© Jonathan Borba

Haas targets Canada reset after Miami reality check

Oliver Bearman finished 11th for Haas in Miami and said the team could be satisfied with narrowly missing the points because, without upgrades on the VF-26 while midfield rivals moved forward, it was realistically racing to limit the damage.

Bearman ended the Grand Prix just outside the top 10 and behind both Williams cars after a weekend in which Haas increasingly accepted that its package was not quick enough in the conditions. He said the result was tight and admitted he was a little disappointed, but not unhappy given what the team had expected coming in. “It was close. I’m a little disappointed, but we expected the weekend to be difficult because we didn’t have any upgrades,” Bearman said after the race. “We can be proud to finish near the points, even if there were retirements ahead.”

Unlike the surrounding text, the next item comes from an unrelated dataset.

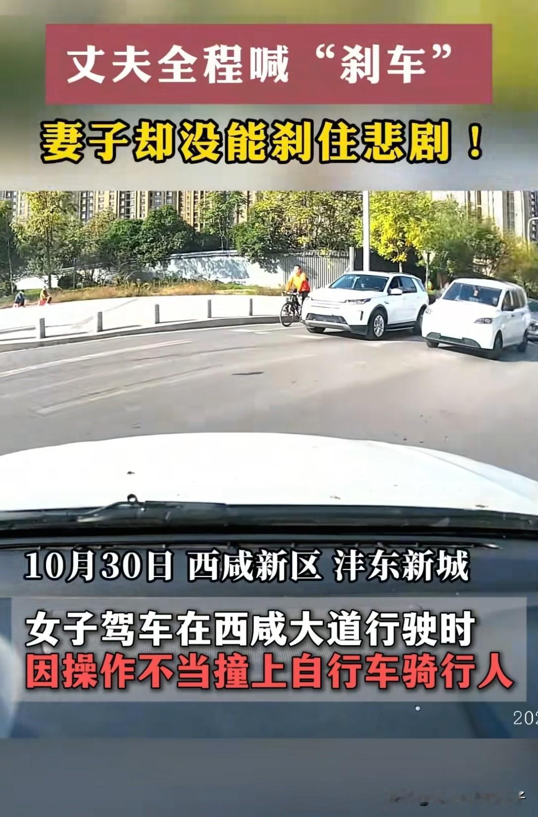 坐在副驾的丈夫出发点是好的,想要让妻子踩刹车,但他方法错了,越这样喊只会司机更紧张,反而打乱了操作节奏,应该直接说踩左边踏板的。 看这女司机的操作明显不熟练,都开到斑马线上去了,大概是刚拿驾照没多久,连刹车和油门都没分清楚,丈夫也是心大,在市区来练车。 看轿车的速度也不快,骑自行车的男子估计也没想到能撞上来,还刚好卡在了石柱子上,这夫妻俩真是人才,一个敢教,一个敢开,只是可怜了无辜的路人!

That theme had been building throughout the weekend. After Sprint Qualifying, Bearman described the VF-26 as difficult to trust in Miami’s heat, saying it was “unpredictable at the limit” and that he struggled for balance and confidence in slow corners. On Saturday, after qualifying 13th for the Grand Prix with a best lap of 1:29.567, he said Haas was “really struggling with the rear axle” and called the car “on a knife-edge,” adding that the team had not brought an update while others had made a step.

Ayao Komatsu, Haas team principal, gave the same assessment after Saturday. He said the team had improved the car but was ultimately not fast enough in those conditions, adding: “Many teams brought upgrades, and we didn’t, so we knew we would be up against it.” Bearman made the same point from the cockpit, saying Haas knew it was facing a tough weekend because “we didn’t bring an update compared to everyone else.”

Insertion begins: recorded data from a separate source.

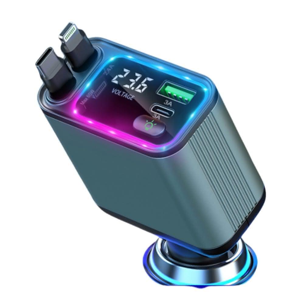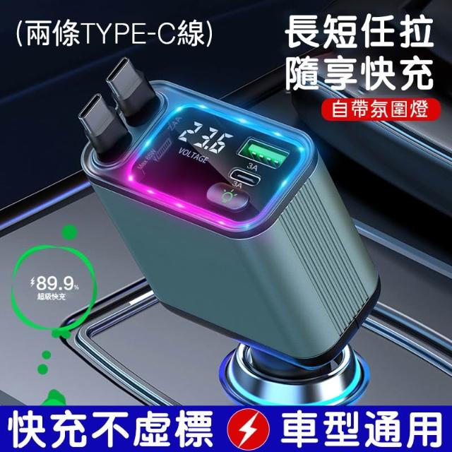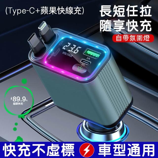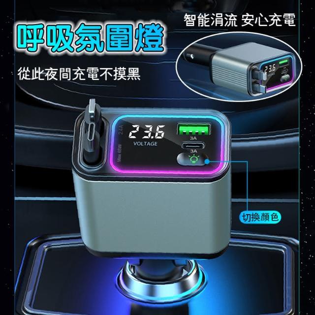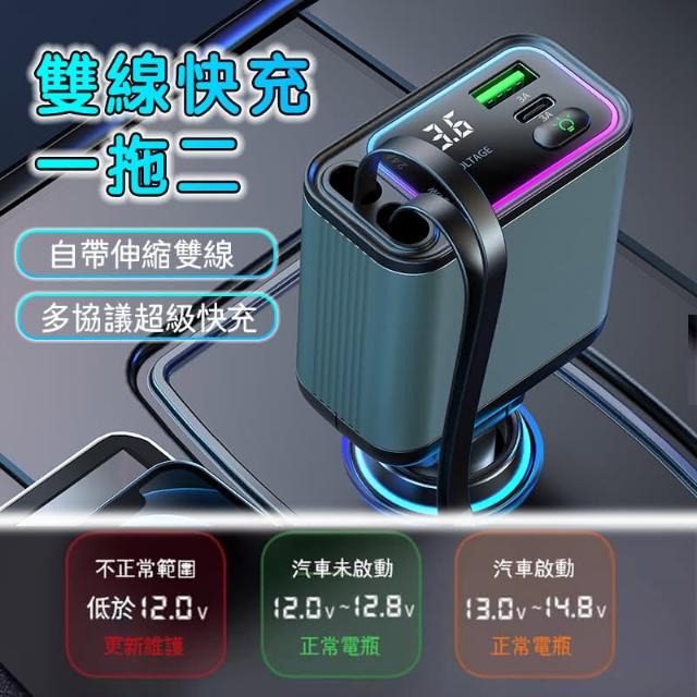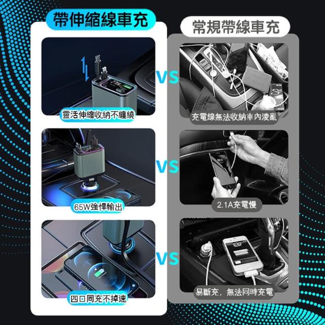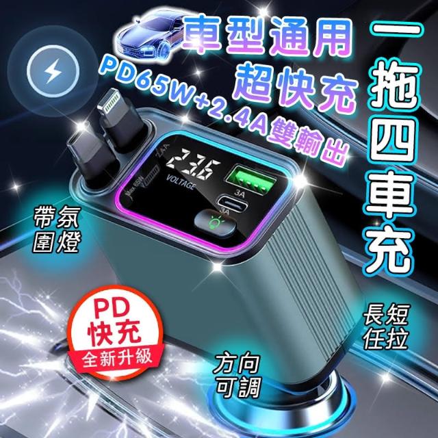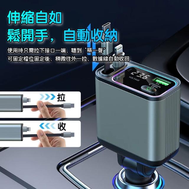 車用充電器 伸縮車充 伸縮充電線 車用快充 自帶線車充 一拖四車充 車用充電座 線長80cm 快充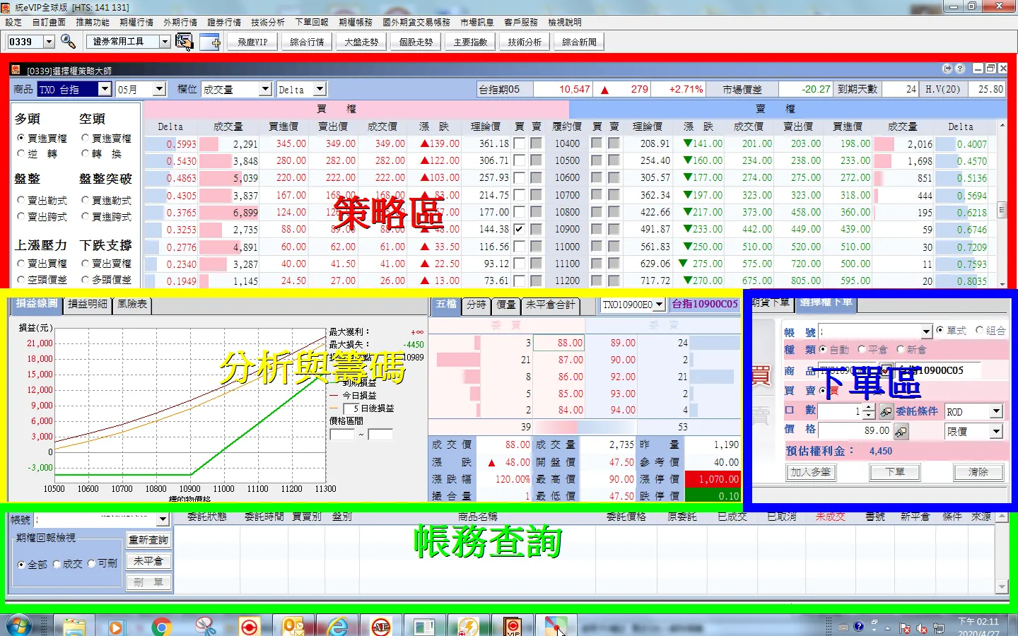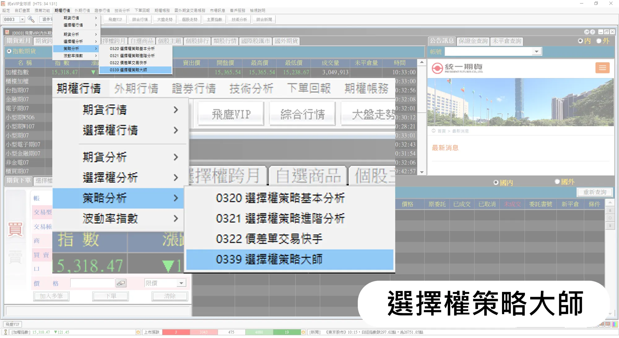 統一期貨VIP全球版 ─ 電腦下單【0339】選擇權策略大師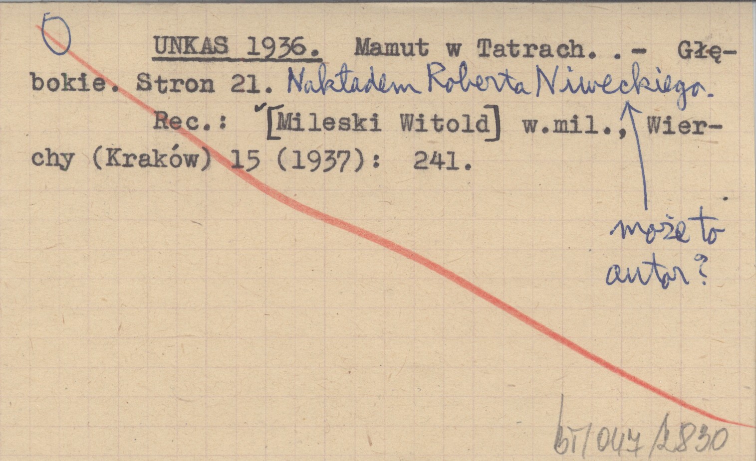 Głębokie , 21 s. Nakładem Roberta Niweckiego (może to autor?) REC: [MILESKI Witold] w.mil., Wierchy (Kraków) 15 (1937): 241.

Esteban Ocon’s side of the garage told a similar story. He qualified only 18th for Sprint Qualifying after deployment problems that left him arriving at some corners “50 km/h faster” and others “50 km/h slower,” and said the balance was completely outside the window. Haas improved the car across Saturday and Ocon recovered to 15th on the Grand Prix grid with a 1:29.772, but he still felt the team was short on outright pace.

After the race, Ocon said Haas had “missed a bit of performance” and that even with better choices around the pit stop, points were probably out of reach. “I don’t think it would have been enough to get into the points, but we could have done better,” he said. He went further by saying Haas was likely only good enough for “11th at best,” which matched Bearman’s finishing position.

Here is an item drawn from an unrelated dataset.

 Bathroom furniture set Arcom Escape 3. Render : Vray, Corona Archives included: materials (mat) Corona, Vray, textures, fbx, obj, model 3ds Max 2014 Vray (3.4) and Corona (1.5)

That is why Miami mattered less for the missed point than for what it revealed about Haas’s place in the midfield. Bearman said Alpine and Williams had both arrived with heavily revised cars, while Haas had not. From that perspective, staying close to the top 10 was damage limitation rather than a missed breakthrough. He said Haas had also been “very unlucky at the start of the race and during the stops,” but still felt the team could be satisfied because it had not maximized the car and yet remained in the fight.

The more important consequence now is what comes next. Bearman said Haas plans to respond in Canada, and Ocon said he is eager to see what the upgraded VF-26 can do in Montreal. “I can’t wait to see in Montreal what the car has in store for us, there will be a big part that will be new, and we’ll see how things develop,” Ocon said.

For Haas, Miami looked like confirmation that its current car is no longer enough against improving midfield rivals. The consolation is that both drivers left believing 11th was close to the ceiling this weekend, and that the bigger fight starts again when the new package arrives in Canada.